### Exercise input
··········

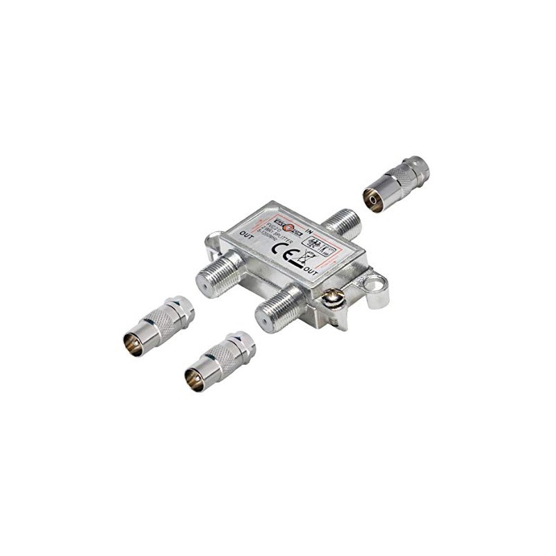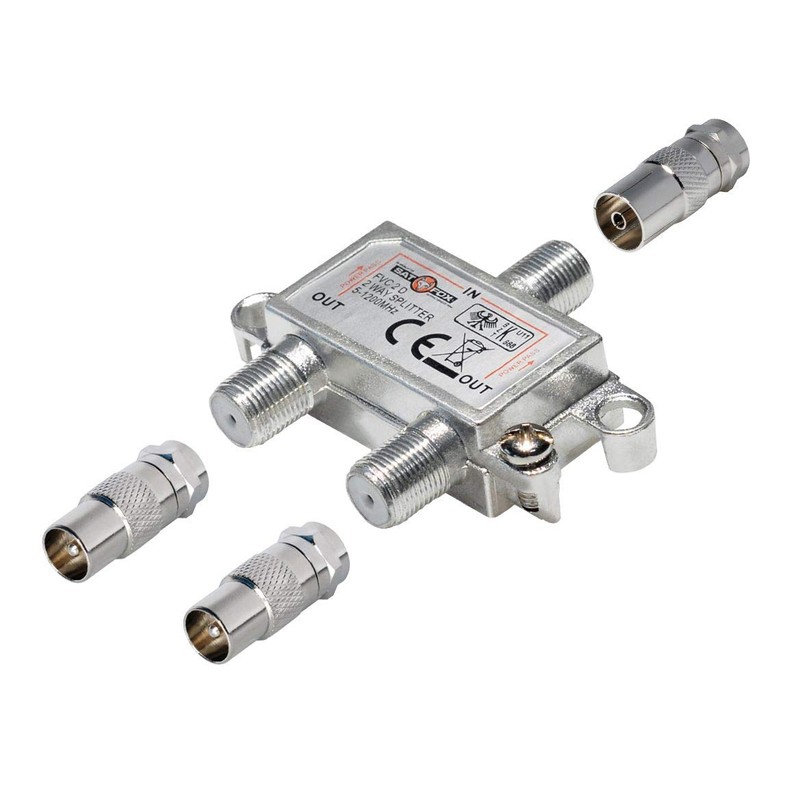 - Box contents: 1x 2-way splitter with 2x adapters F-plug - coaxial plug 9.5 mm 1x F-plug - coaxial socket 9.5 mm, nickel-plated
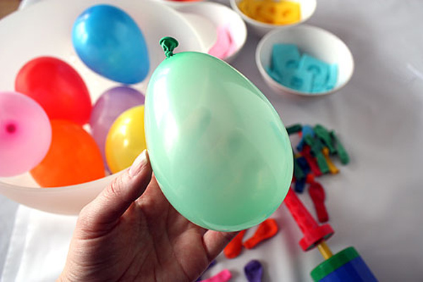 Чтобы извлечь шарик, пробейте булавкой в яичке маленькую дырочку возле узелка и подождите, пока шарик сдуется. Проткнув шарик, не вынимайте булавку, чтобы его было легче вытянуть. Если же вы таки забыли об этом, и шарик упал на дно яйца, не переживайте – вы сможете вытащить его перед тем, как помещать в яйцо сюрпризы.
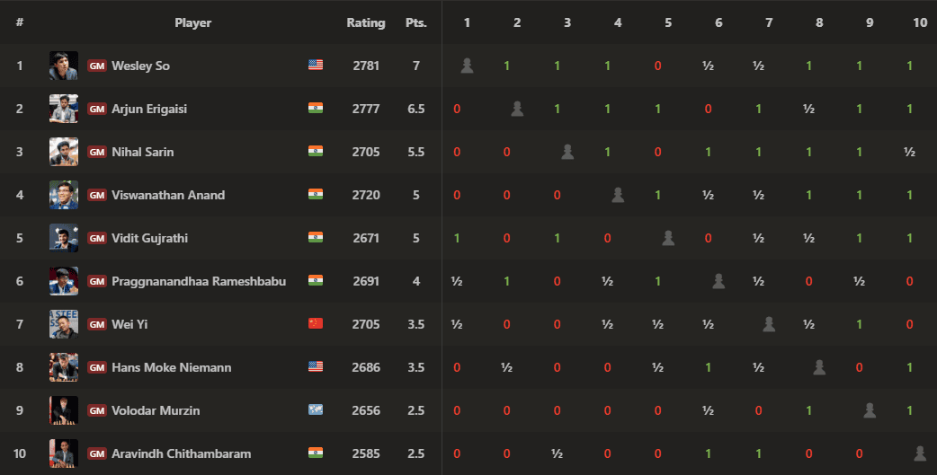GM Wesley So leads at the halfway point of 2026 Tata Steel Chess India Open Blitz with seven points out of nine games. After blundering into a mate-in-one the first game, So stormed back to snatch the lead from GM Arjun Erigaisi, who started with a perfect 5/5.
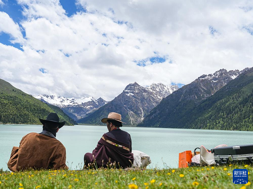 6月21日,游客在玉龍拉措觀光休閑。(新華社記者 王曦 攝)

··········

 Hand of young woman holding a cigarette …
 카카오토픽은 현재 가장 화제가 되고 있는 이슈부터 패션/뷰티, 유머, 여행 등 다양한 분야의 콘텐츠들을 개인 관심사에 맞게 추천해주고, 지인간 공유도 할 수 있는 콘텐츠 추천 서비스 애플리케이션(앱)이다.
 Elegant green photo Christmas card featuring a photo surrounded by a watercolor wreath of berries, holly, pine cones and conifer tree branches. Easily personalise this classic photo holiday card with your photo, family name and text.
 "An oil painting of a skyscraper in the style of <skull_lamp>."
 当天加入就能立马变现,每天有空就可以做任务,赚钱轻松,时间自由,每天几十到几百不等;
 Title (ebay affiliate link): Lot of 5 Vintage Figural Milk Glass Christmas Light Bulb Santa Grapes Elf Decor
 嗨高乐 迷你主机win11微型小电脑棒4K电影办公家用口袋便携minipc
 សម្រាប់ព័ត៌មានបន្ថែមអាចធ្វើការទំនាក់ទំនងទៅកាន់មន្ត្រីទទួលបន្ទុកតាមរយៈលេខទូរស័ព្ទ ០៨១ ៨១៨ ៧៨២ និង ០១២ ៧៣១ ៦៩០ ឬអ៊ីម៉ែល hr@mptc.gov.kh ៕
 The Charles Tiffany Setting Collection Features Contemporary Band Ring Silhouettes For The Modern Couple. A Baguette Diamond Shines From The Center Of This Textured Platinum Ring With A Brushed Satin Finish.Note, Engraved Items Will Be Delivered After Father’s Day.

··········

### Aim of the task
Please copy the lines in the records above between the one holding "Hand of young woman holding a cigarette …" and the one holding "카카오토픽은 현재 가장", inclusive, exactly and with no other line.

### Problem solution
 Hand of young woman holding a cigarette …
 카카오토픽은 현재 가장 화제가 되고 있는 이슈부터 패션/뷰티, 유머, 여행 등 다양한 분야의 콘텐츠들을 개인 관심사에 맞게 추천해주고, 지인간 공유도 할 수 있는 콘텐츠 추천 서비스 애플리케이션(앱)이다.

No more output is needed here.